↓

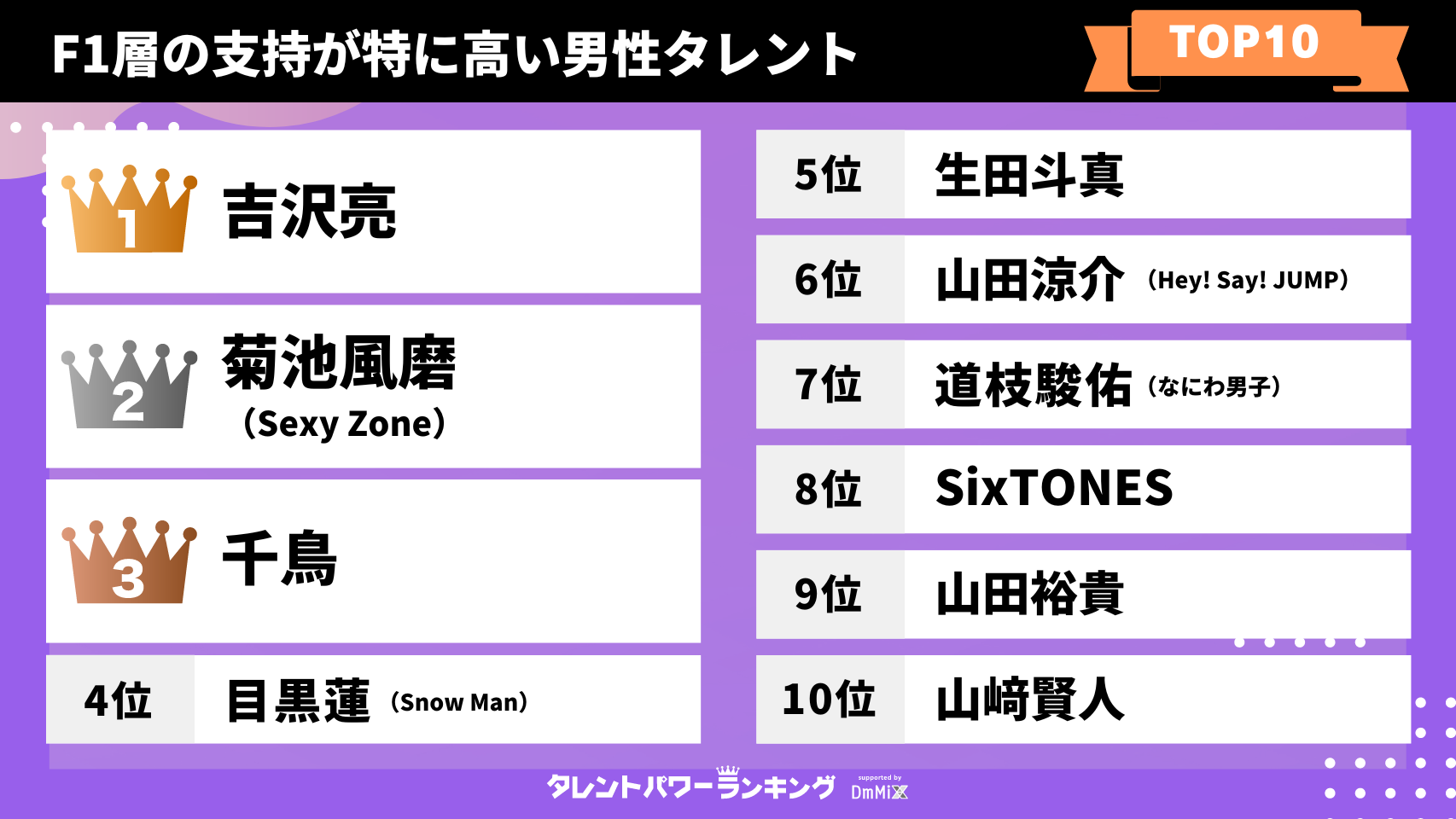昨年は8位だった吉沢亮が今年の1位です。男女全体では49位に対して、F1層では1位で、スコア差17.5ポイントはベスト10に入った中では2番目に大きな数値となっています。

↑
↓

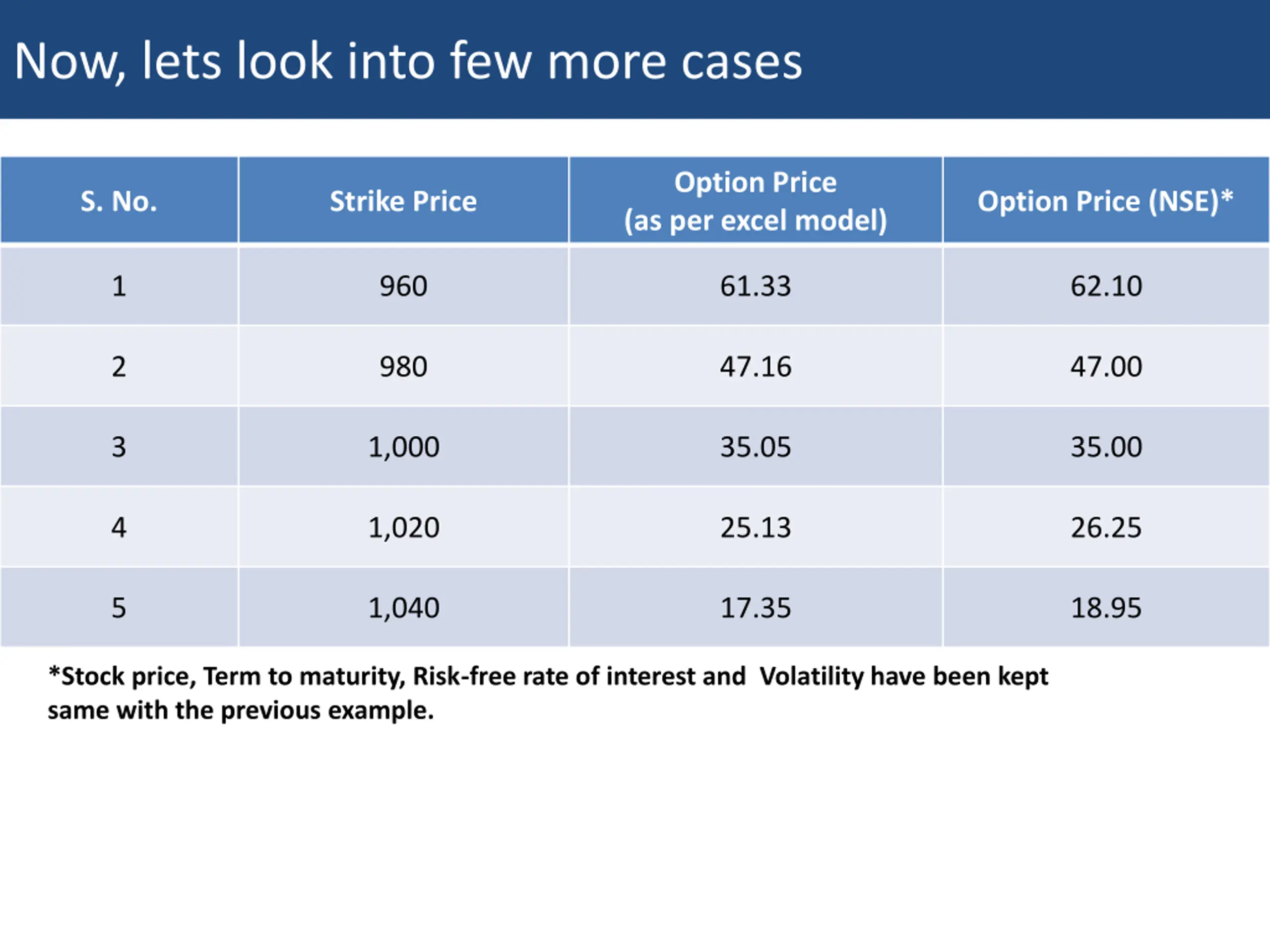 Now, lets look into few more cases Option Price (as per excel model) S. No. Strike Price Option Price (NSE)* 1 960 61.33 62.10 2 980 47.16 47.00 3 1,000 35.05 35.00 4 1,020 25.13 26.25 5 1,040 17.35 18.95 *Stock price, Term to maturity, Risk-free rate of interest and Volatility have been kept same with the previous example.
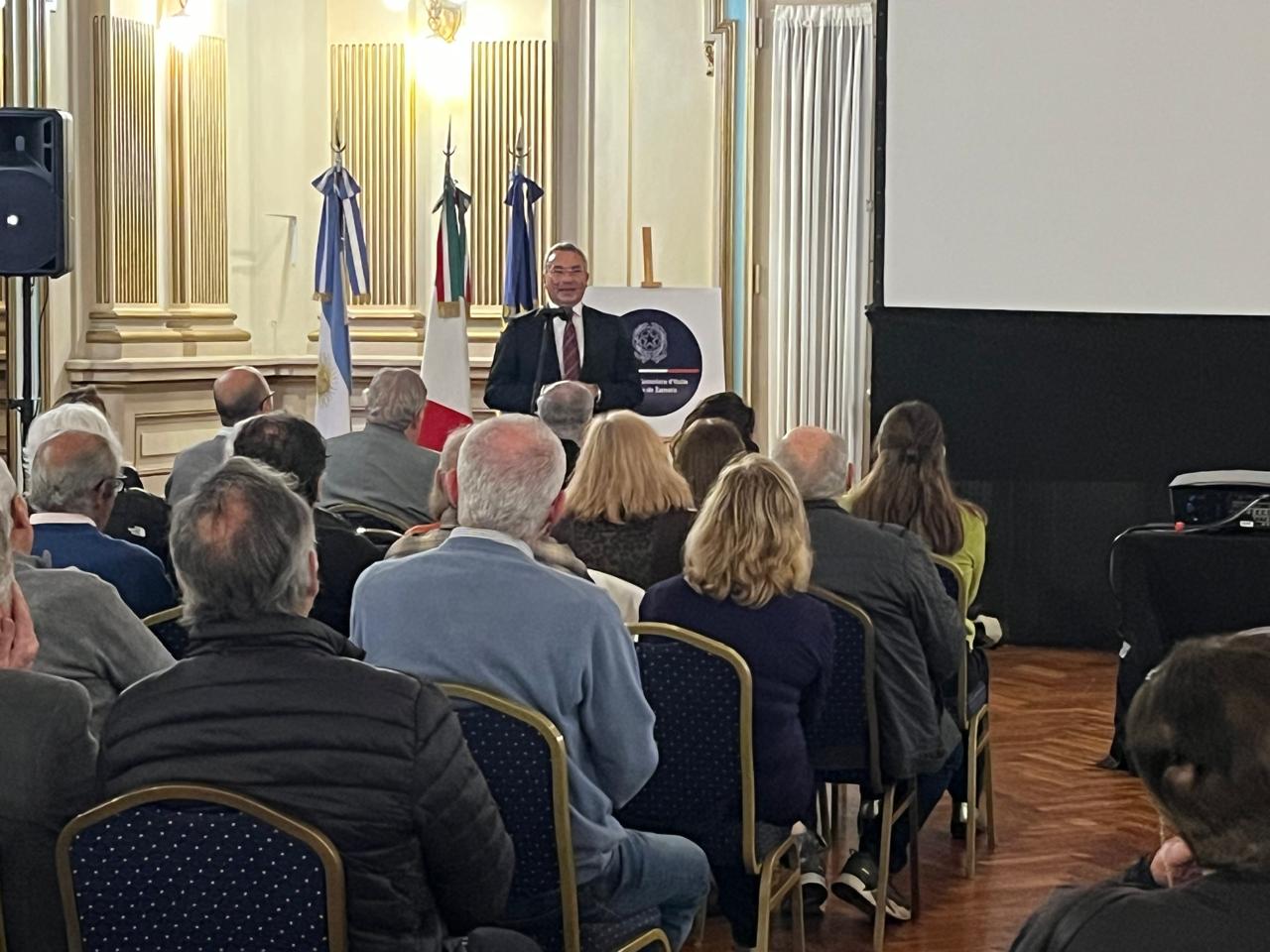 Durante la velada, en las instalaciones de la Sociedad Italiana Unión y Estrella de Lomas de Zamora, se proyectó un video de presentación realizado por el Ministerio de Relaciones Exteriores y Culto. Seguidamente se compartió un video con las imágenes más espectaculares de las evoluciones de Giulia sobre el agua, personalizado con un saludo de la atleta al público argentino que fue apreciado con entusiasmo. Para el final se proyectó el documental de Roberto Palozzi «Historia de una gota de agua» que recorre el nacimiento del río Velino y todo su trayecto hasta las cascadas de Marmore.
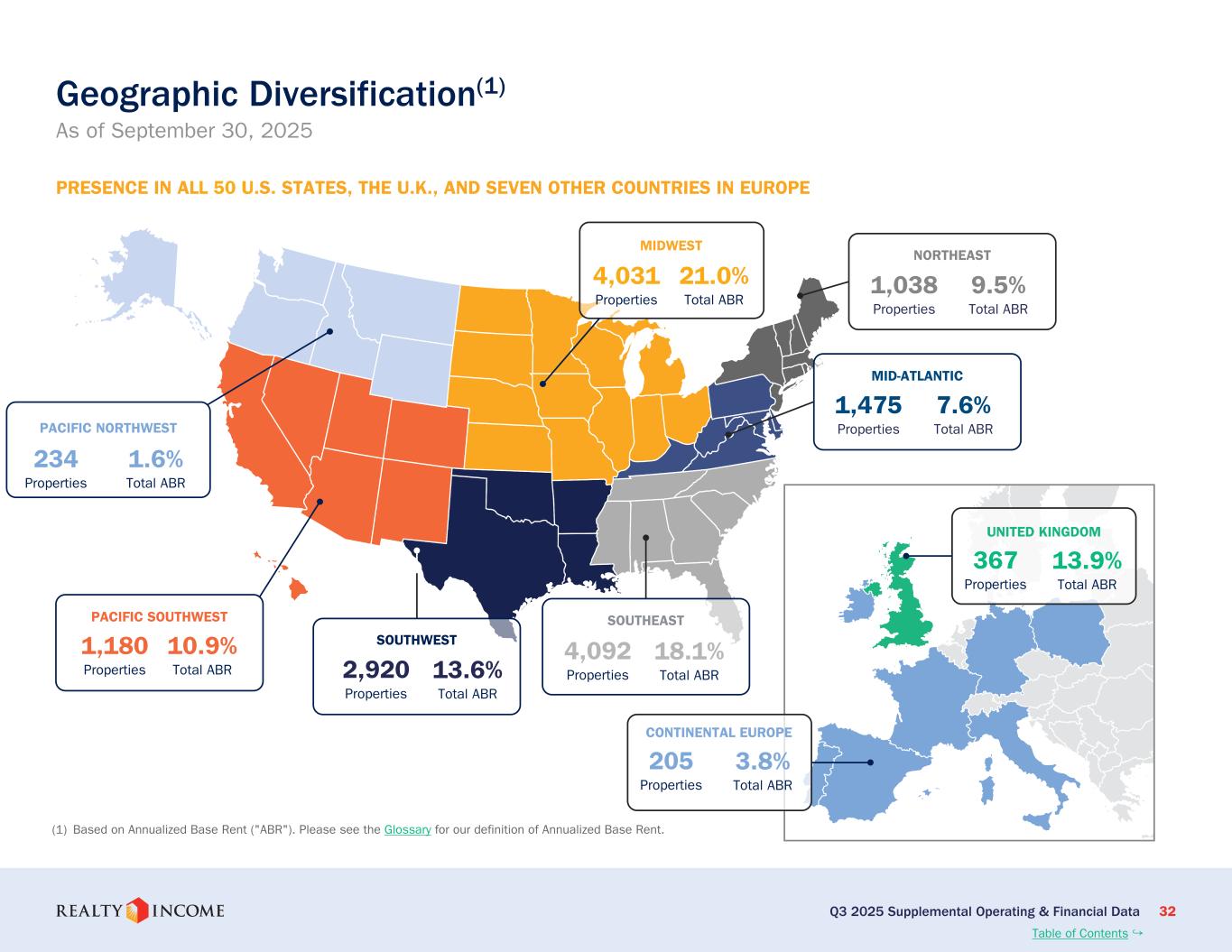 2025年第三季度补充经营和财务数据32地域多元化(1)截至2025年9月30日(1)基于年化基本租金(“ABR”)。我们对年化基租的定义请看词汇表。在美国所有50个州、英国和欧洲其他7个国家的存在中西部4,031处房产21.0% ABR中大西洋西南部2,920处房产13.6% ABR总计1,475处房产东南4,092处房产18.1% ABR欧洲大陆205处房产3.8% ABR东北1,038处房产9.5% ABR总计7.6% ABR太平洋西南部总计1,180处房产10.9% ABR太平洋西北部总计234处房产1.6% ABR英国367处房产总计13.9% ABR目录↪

↑
↓

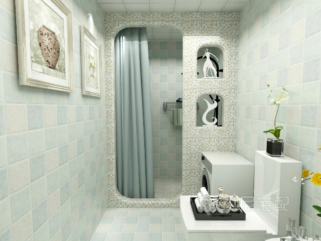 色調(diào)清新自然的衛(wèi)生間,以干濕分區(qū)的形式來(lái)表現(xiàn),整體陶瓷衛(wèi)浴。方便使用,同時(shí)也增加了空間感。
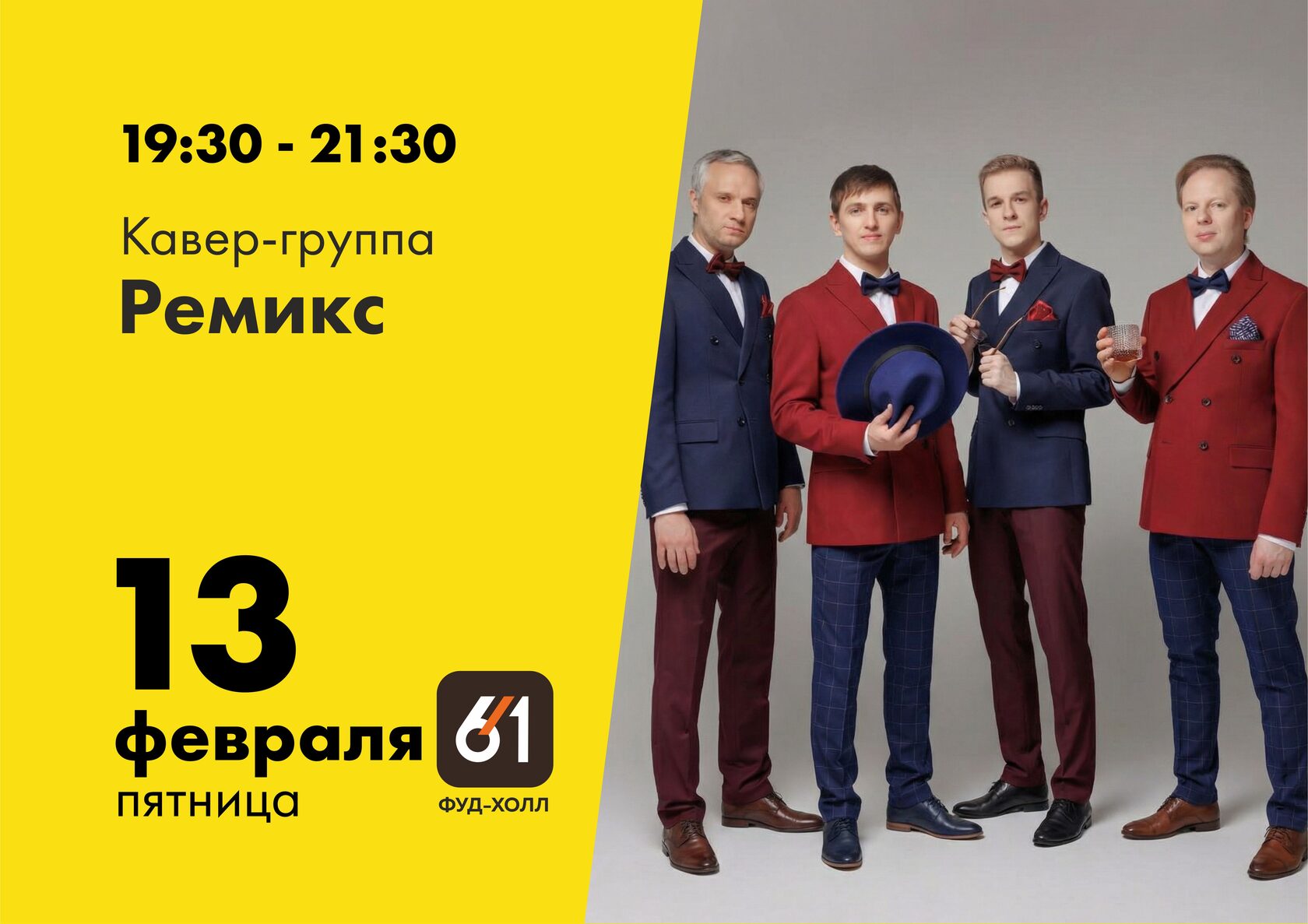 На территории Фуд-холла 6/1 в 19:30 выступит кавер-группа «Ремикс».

↑

### Task objective
Return exactly the stretch above whose first line contains "Durante la velada, en" and whose last line contains "ABR太平洋西北部总计234处房产1.6% ABR英国367处房产总计13.9% ABR目录↪", and nothing outside it. The pictures should not appear.

### Expected answer
 Durante la velada, en las instalaciones de la Sociedad Italiana Unión y Estrella de Lomas de Zamora, se proyectó un video de presentación realizado por el Ministerio de Relaciones Exteriores y Culto. Seguidamente se compartió un video con las imágenes más espectaculares de las evoluciones de Giulia sobre el agua, personalizado con un saludo de la atleta al público argentino que fue apreciado con entusiasmo. Para el final se proyectó el documental de Roberto Palozzi «Historia de una gota de agua» que recorre el nacimiento del río Velino y todo su trayecto hasta las cascadas de Marmore.
 2025年第三季度补充经营和财务数据32地域多元化(1)截至2025年9月30日(1)基于年化基本租金(“ABR”)。我们对年化基租的定义请看词汇表。在美国所有50个州、英国和欧洲其他7个国家的存在中西部4,031处房产21.0% ABR中大西洋西南部2,920处房产13.6% ABR总计1,475处房产东南4,092处房产18.1% ABR欧洲大陆205处房产3.8% ABR东北1,038处房产9.5% ABR总计7.6% ABR太平洋西南部总计1,180处房产10.9% ABR太平洋西北部总计234处房产1.6% ABR英国367处房产总计13.9% ABR目录↪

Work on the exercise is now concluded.